Anonymous 0 Comments

There were 4 nuclear powered cargo ships: Savannah (US), Otto Hahn (DE), Mutsu (JP) and a Soviet/Russian one but I forgot its name. They were all too expensive to operate and they were decommissioned, save for the last one, which is also an icebreaker and it’s more useful this way.

Anonymous 0 Comments

Hydrogen is not a power source unless it is produced from fossil fuel, otherwise it is just an energy storage. You can’t “synthesize” it without having another energy source at hand.

Nuclear is problematic because for many of the same reasons cargo vessels don’t have armed guards to deal with pirates as standard, it reduces the number of possible ports of call because countries don’t want foreign armed forces/nuclear reactors in their territory.

Anonymous 0 Comments

Nuclear isn’t used for two main reasons. The first is cost. Nuclear reactors for ships are not easy to make or cheap. Most countries navies can’t afford them for their ships. A commercial operator isn’t going to pay more for nuclear then cheaper conventional engines. The amount you save on not having to buy fuel oil will never overcome the costs of buying the reactor in the first place.

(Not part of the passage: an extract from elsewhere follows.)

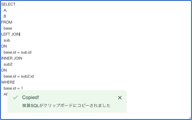 1つめは結果の可視性の向上です。 現状でもSQLのどの箇所のレコード数を示しているかわかるのですが、 見比べて確認する必要があり改善の余地があると感じています。 例えば実際のレコード数がでている箇所のSQLを抜粋して、 文字列として結果の箇所に出すなどができると良いかなと感じています。

The second is usefulness. Almost every nuclear powered ship is designed for something no commercial operator wants, which is staying at sea away from ports for long periods of time. For military vessels leaving an area to refuel is losing useful time. For a commercial vessel they always want to be going somewhere and those places almost always can refuel you with no loss of time.

Anonymous 0 Comments

Nuclear power is one of the most expensive ways of generating power we’ve yet come up with. There have been a few civil nuclear powered ships, they’ve all been impossibly stupidly expensive to run. Russia still runs a bunch of nuclear powered ice-breakers, because ocean-going ice-breakers just genuinely need so much power and for such extended amounts of time that it makes sense in that application. But it’s genuinely the only application it’s ever worked out for in the civil space.

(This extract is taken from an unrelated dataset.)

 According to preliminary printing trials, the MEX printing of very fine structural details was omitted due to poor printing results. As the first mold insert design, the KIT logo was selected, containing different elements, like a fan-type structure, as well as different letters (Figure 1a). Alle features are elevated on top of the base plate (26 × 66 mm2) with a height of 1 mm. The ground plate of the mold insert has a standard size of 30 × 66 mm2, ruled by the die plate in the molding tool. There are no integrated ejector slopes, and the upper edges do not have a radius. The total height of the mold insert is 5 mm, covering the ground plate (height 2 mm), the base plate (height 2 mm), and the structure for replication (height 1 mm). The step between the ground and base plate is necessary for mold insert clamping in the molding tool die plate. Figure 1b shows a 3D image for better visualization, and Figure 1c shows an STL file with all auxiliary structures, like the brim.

Even in the military space, the US gave up on running nuclear cruisers and destroyers after the cold war, once again because they cost a fortune to run. Russia only operated one class of nuclear-powered surface warship. China, Britain, and India all have nuclear submarines, yet choose to run conventionally powered carriers.

Anonymous 0 Comments

Many ports will not allow nuclear powered ships to dock. So a nuclear powered cargo ship would have very limited placed where it could pick up or drop off cargo. So its usefulness would be very limited.

Anonymous 0 Comments

The other posters covered the cost of nuclear, but I would like to come at this from another angle. 

Carbon and pollution are negative externalities that cargo companies don’t pay. Negative externalities are costs to business paid by 3rd parties. Carbon and pollution are costs paid by society instead of the emitter or polluter. 

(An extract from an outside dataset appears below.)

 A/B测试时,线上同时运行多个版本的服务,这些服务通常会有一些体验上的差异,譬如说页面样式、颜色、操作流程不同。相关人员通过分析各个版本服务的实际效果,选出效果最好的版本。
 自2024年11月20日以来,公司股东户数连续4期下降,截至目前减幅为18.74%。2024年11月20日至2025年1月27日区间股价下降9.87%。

This makes the current fuel sources used artificially cheaper as society pays a large part of the cost.

If countries imposed carbon taxes with tarrifs on imports, it would make greener fuel sources more competitive in cost as emitters would have to internalize the cost of emissions.

Anonymous 0 Comments

Because synthesizing hydrogen from sea water is just using electricity with many needlessly complicated and expensive steps.

Anonymous 0 Comments

I think the real question is “why don’t cargo ships use sails”. Which I’m sure is due to routes not being in optimal winds. But it would bring their fuel costs to near zero.

Anonymous 0 Comments

There’s no point in making a ship hydrogen powered. Hydrogen isn’t really seen as a fuel but rather a battery. You have to put a lot of energy into making hydrogen or extracting it and thus you can’t get as much energy out as what you put into making it in the first place. You might as well just skip the hydrogen and use the power source to power your ship directly.

Nuclear is really expensive and isn’t trusted in the hands of normal people because even small scale reactors can be used to do a lot of damage if used wrong.

Anonymous 0 Comments

The purpose of a cargo ship is to take cargo from port to port regularly and continuously. The goal is to do this reasonably quickly and at reasonable cost to win customers. Nuclear is not useful. Port to port means the ship doesn’t really need to fuel itself for ultra-long journeys like patrolling oceans etc. And nuclear power is expensive to maintain and not many place can do that and the down time is super high compared to regular old engines. So the cargo ship ends up being out of service for long periods – all bad for business.

Politically too, it is an issue. Many countries don’t allow nuclear powered vessels into their ports further limiting the customer base.

Hydrogen is expensive to store and is less energy dense. Facilities to refuel hydrogen ships are rare (probably none) and expensive since it is TOTALLY different from oil/diesel and therefore there is no sharing of infrastructure. Companies are now experimenting with commercial ammonia fueled ships which is sort of “near” hydrogen. So there is a chance this will work in the future.